6. The radiation curable inkjet ink according to any one of the preceding claims wherein n and m are independently of each other 1 or 2.

7. The radiation curable inkjet ink according to any one of the preceding claims, wherein the polymerizable compound is selected from the group consisting of acryloyl morpholine, cyclic trimethacrylaldehyde acrylate, isobornyl acrylate, dipropylene glycol diacrylate, trimethylolpropane triacrylate and 2- (vinyl ethoxy) ethyl acrylate.

8. The radiation curable inkjet ink according to any one of the preceding claims, further comprising a phenolic resin or a hydroxystyrene based resin.

9. The radiation curable inkjet ink according to any one of the preceding claims, further comprising a colorant.

10. The radiation curable inkjet ink according to any one of the preceding claims, further comprising a flame retardant.

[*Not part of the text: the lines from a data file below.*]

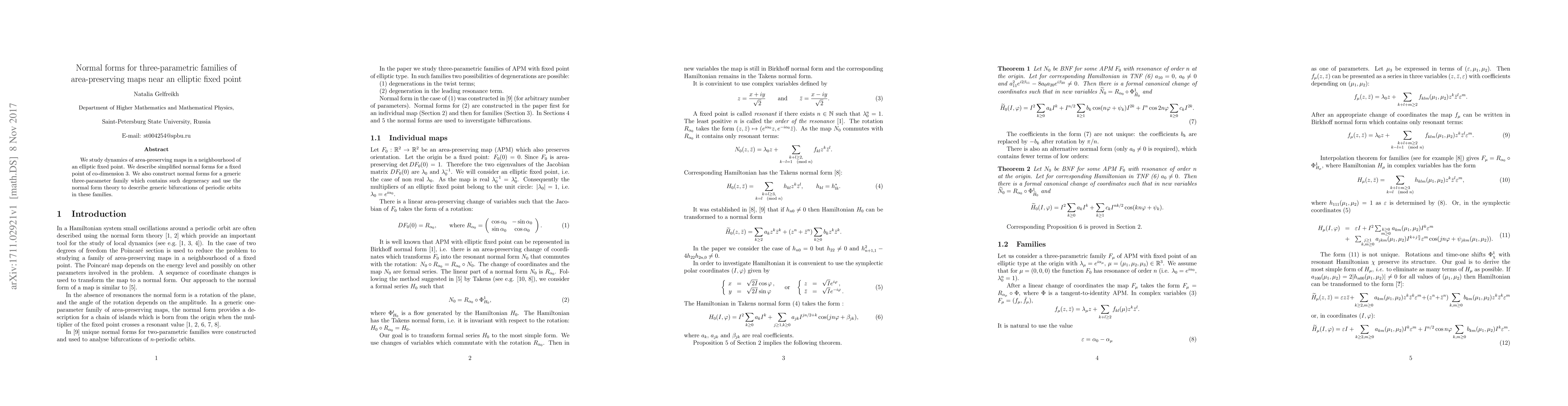 This paper explores the dynamics of area-preserving maps around an elliptic fixed point, deriving simplified normal forms for co-dimension 3 fixed points and constructing normal forms for a three-parameter family to describe bifurcations of periodic orbits.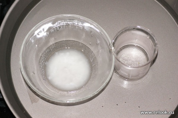 Сначала в нашу воду добавляем Биолин, он быстро там растворяется. Затем, берём две огнеупорные стеклянные ёмкости, в одну наливаем наши жирные масла из Фазы А и высыпаем эмульгатор, в другую - выливаем нашу воду с Биолином. Ставим их обеих греться на водяной бане до того момента, когда крупиночки эмульгатора расплавятся в маслах.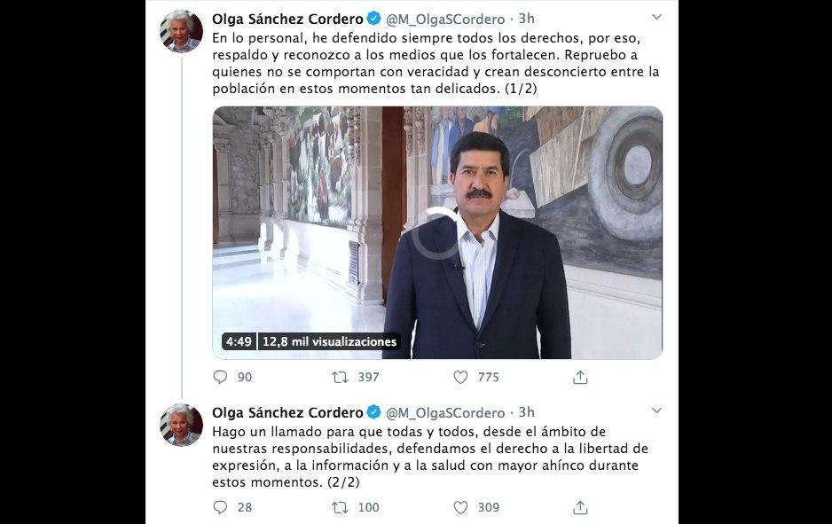 “Hago un llamado para que todas y todos, desde el ámbito de nuestras responsabilidades, defendamos el derecho a la libertad de expresión, a la información y a la salud con mayor ahínco durante estos momentos”, agregó Sánchez Cordero en una segunda publicación.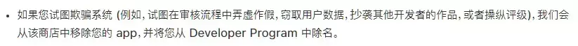而目前苹果对于山寨盗版软件的处理方式更多的是上架后再进行移除,并将开发者从 Developer Program 中除名。。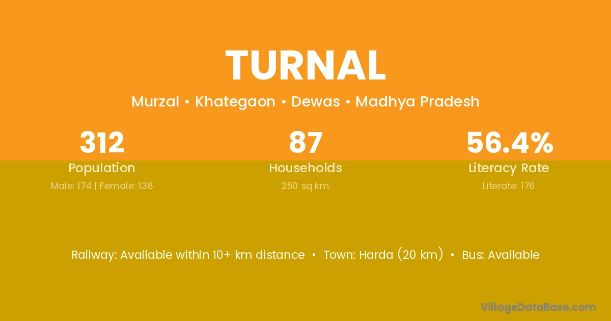 Harda (20 km) is the nearest town to Turnal village for major economic activities and is located approximately 20 km away.
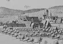 The foundation by Count Ricdag of the first religious house at Lamspringe for Augustinian canonesses is conventionally dated around 850. It was founded by a Count Riddagus, whose daughter, Richburga, became the first abbess. Lamspringe became a reformed Benedictine convent just before 1130. The convent received generous support from the bishops of Hildesheim, and became one of the wealthiest in the diocese during the 14th century.[1] The priory became Lutheran in 1571 during the Reformation, but Catholics regained it in 1629.[2] Little remains of the early medieval buildings.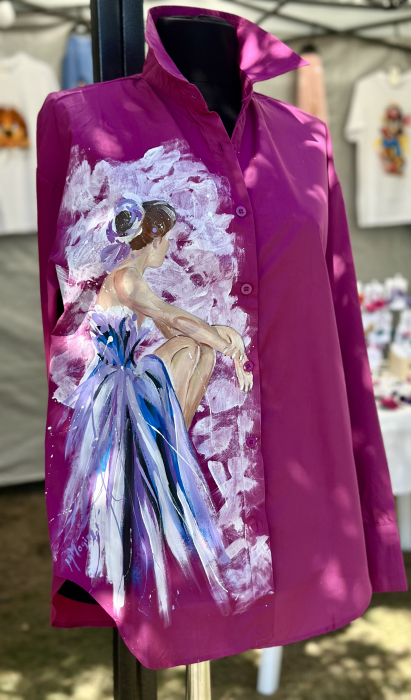 Cămașă pictata manual cu produse de cea mai bună calitate, special create pentru pictură pe textile, rezistente la apă și transfer.
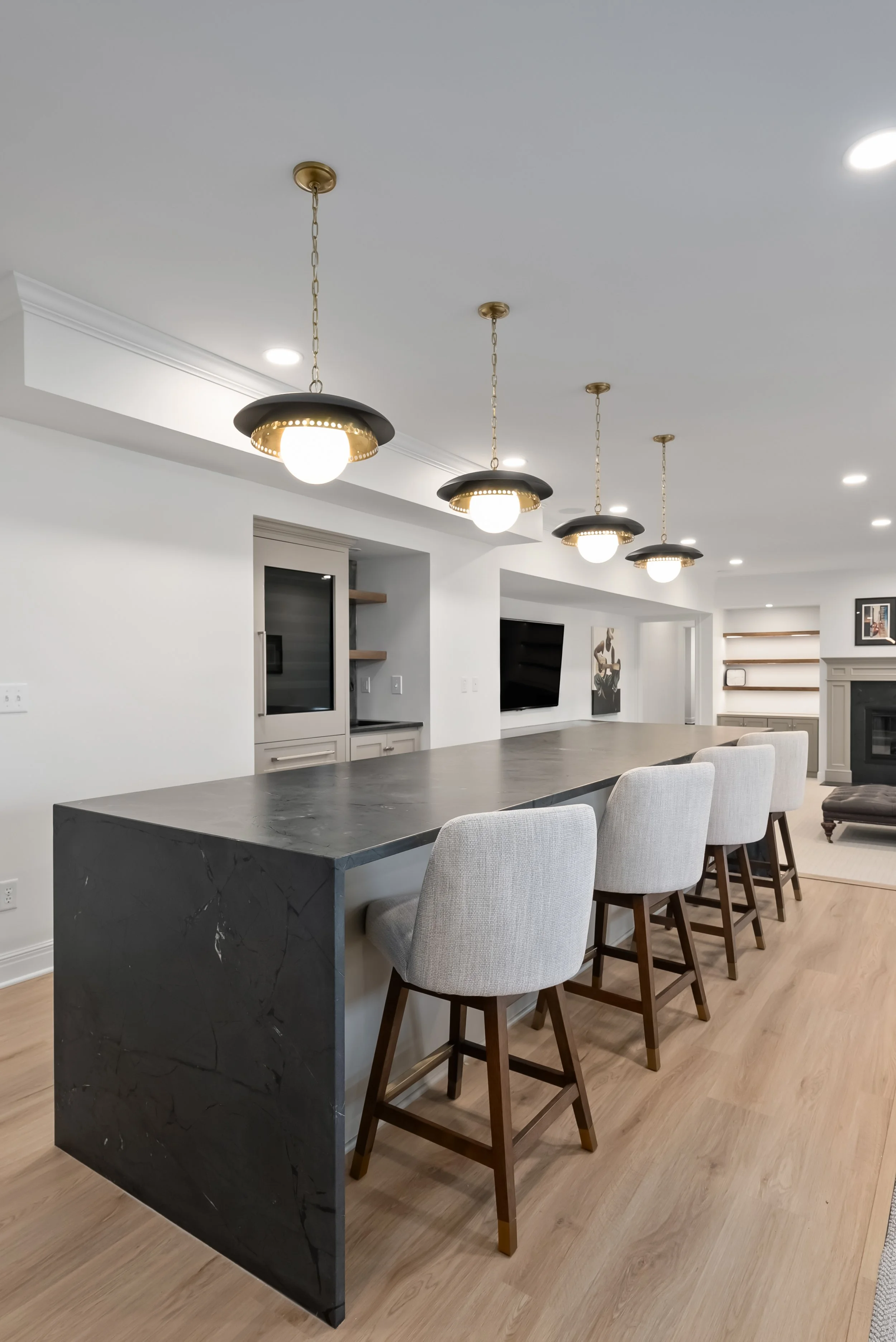 This space now includes a full basement bar, media area, and dedicated zones for both adults and kids.
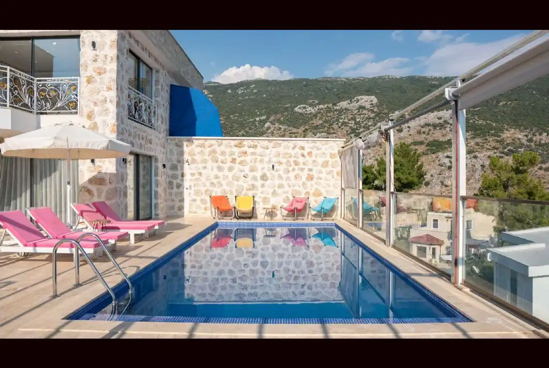 Villa Narin 3; Kalkan İslamlar Bölgesi'nde yer alan muhafazakar ve lüks bir tatil imkanı sunan villa seçeneklerimizdendir. Doğa içerisindeki şehrin gürültüsünden uzak konumu ile huzurlu bir tatil olanağı sunmaktadır. Yeşilliklerle dolu geniş bahçesi tatilinizin keyfini üst düzeye çıkaran bir donanıma sahiptir. Geniş yüzme havuzu, şezlonglar, salıncak ve mangal alanı bahçe içerisinde konumlanmıştır. Villamızın mimarisinde yoğun ilgi gören taş yapı kullanılmıştır. Tüm odalarında kendinizi evinizde hissedeceğiniz huzurlu bir ortam bulunmaktadır. Salonu kaliteli mobilyalarla dizayn edilen villamızın modern ve tam donanımlı bir açık mutfağı bulunmaktadır. Ev sıcaklığında konforlu bir tatil için sizleri bekliyoruz.

11. A method of manufacturing a Printed Circuit Board (PCB), the method comprising an inkjet printing step wherein a radiation curable inkjet ink as defined in any one of claims 1 to 10 is jetted and cured on a substrate.

12. The method of claim 11, wherein curing is performed using UV radiation.

13. A method according to claim 11 or 12, wherein an anti-corrosion coating is provided on the metal surface in the inkjet printing step.

14. The method according to any one of claims 11-13, wherein a solder mask is provided in the inkjet printing step.

15. The method of claim 14, further comprising a heating step.